▶ [The data]
* * * *
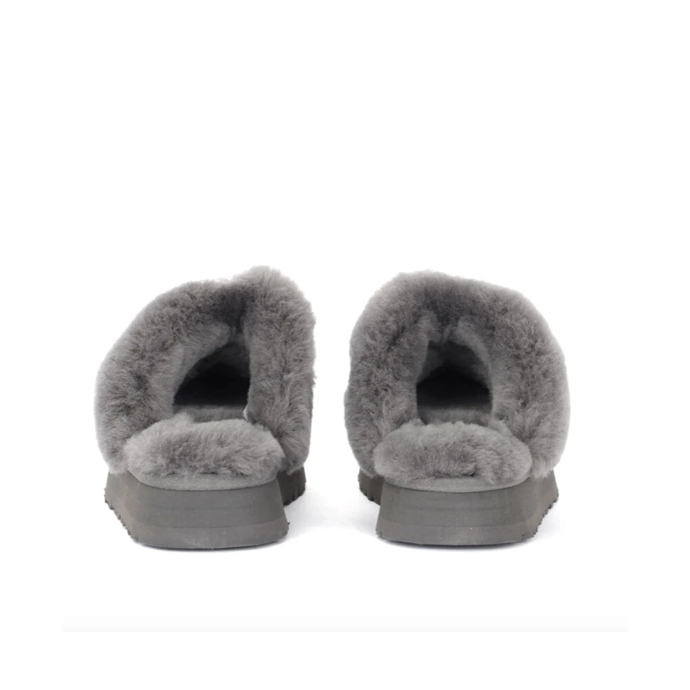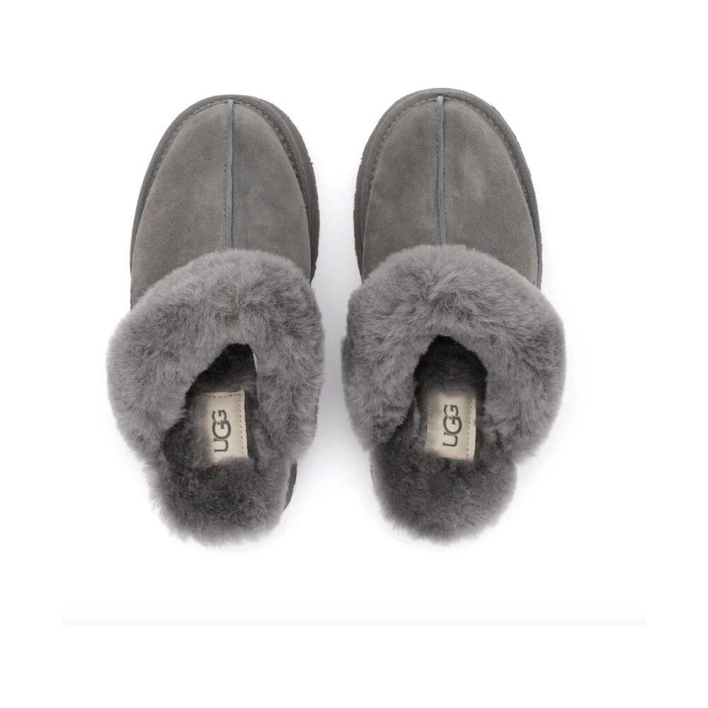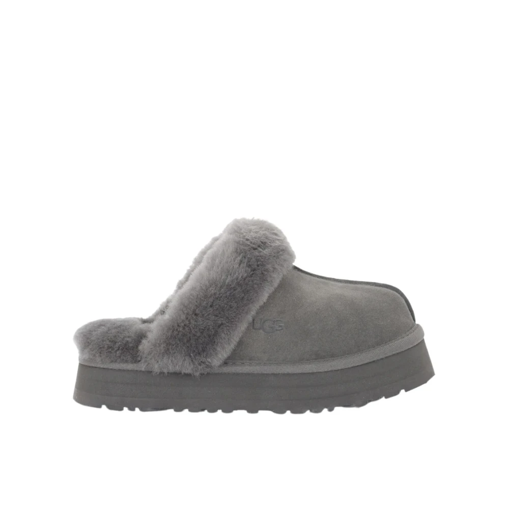 Hold deg koselig og stilig med UGG`s Disquette Slippers. Disse tøflene har en overdel av semsket skinn og saueskinn, med en saueskinn interiør og innersåle for ultimate komfort. Den høykvalitets plastikksålen gir holdbarhet, mens den 2,5 cm høye plattformhøyden legger til litt høyde. Produktstil-ID: 1122550-CHRC.
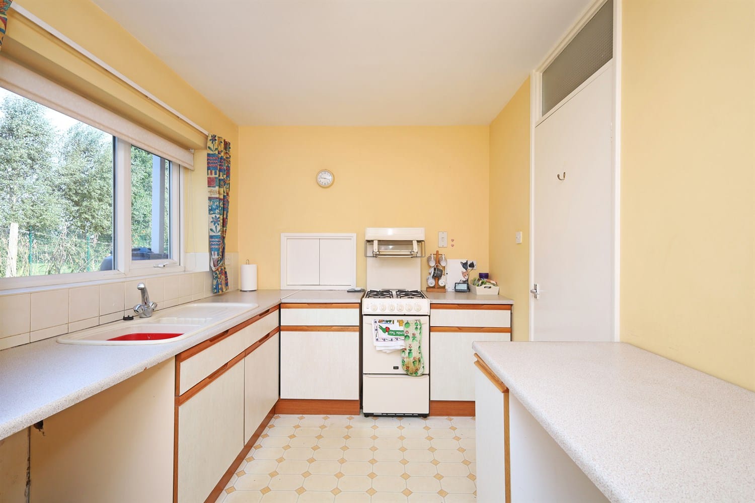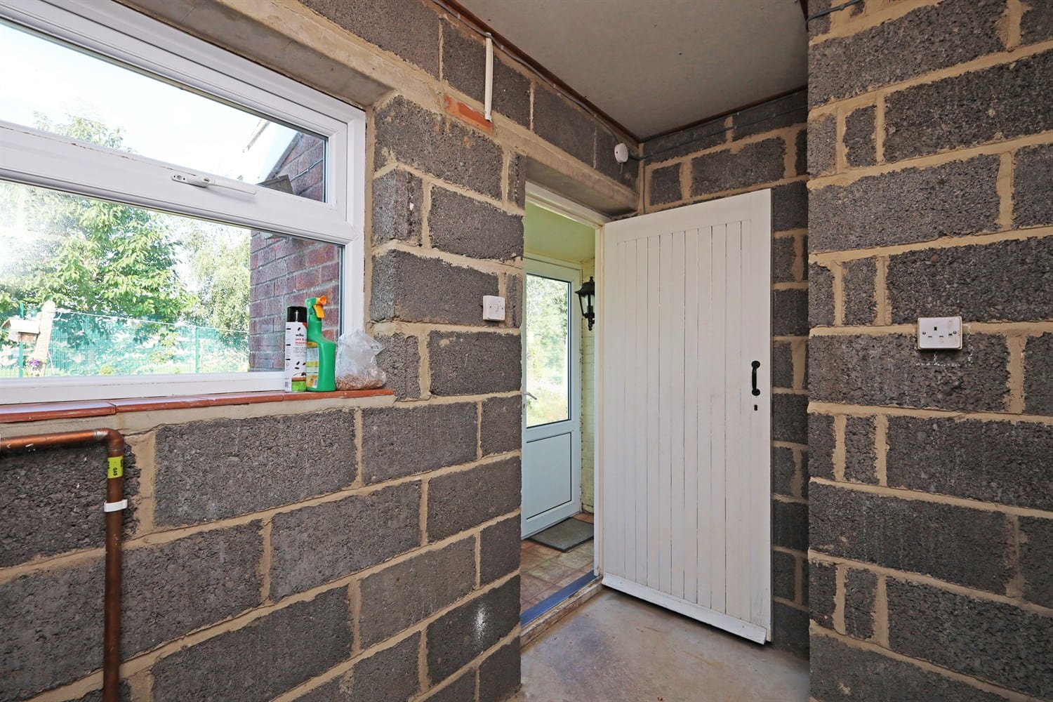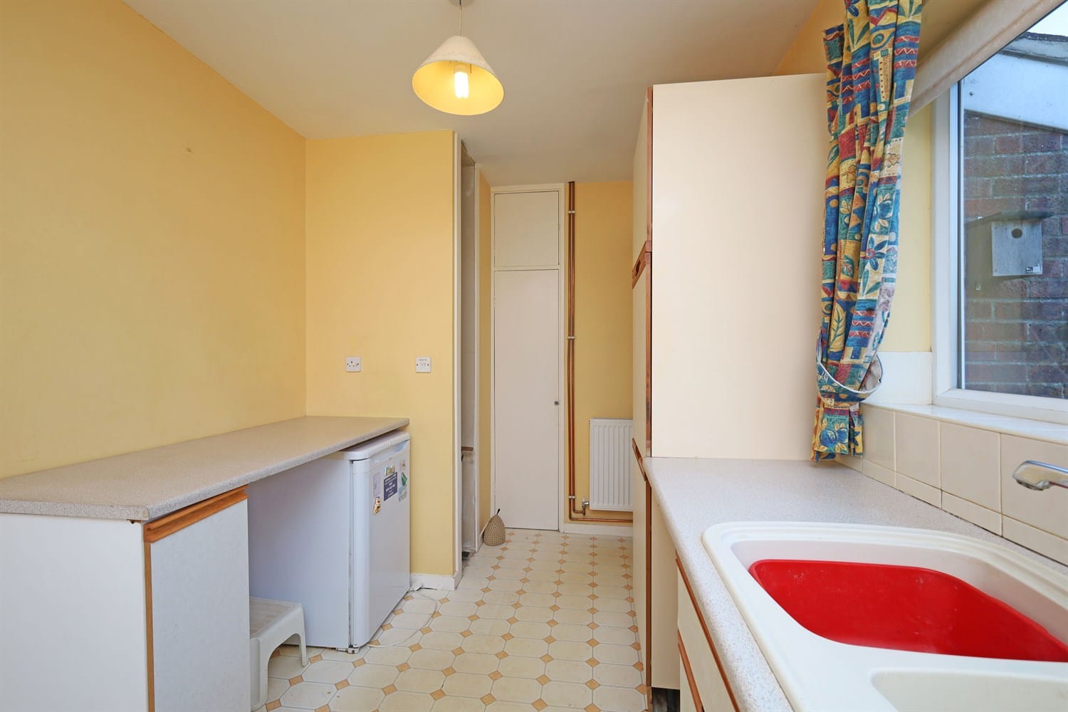With wooden units mainly to the base level with a worktop over and plumbing and space for a washing machine and fridge. A window to the rear aspect and access to the potential utility/workshop.
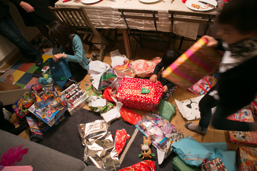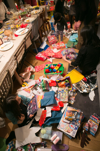 先週もちょっと話題にした この家族&親戚とのクリスマスの日。 そしてそのプレゼントたち。 思いっきりビリビリビリ〜!!!! 日本でやったら
* * * *
▶ [Try it]
Print the material precisely as given, dropping any images it holds.

▶ [Your solution]
 Hold deg koselig og stilig med UGG`s Disquette Slippers. Disse tøflene har en overdel av semsket skinn og saueskinn, med en saueskinn interiør og innersåle for ultimate komfort. Den høykvalitets plastikksålen gir holdbarhet, mens den 2,5 cm høye plattformhøyden legger til litt høyde. Produktstil-ID: 1122550-CHRC.
With wooden units mainly to the base level with a worktop over and plumbing and space for a washing machine and fridge. A window to the rear aspect and access to the potential utility/workshop.
 先週もちょっと話題にした この家族&親戚とのクリスマスの日。 そしてそのプレゼントたち。 思いっきりビリビリビリ〜!!!! 日本でやったら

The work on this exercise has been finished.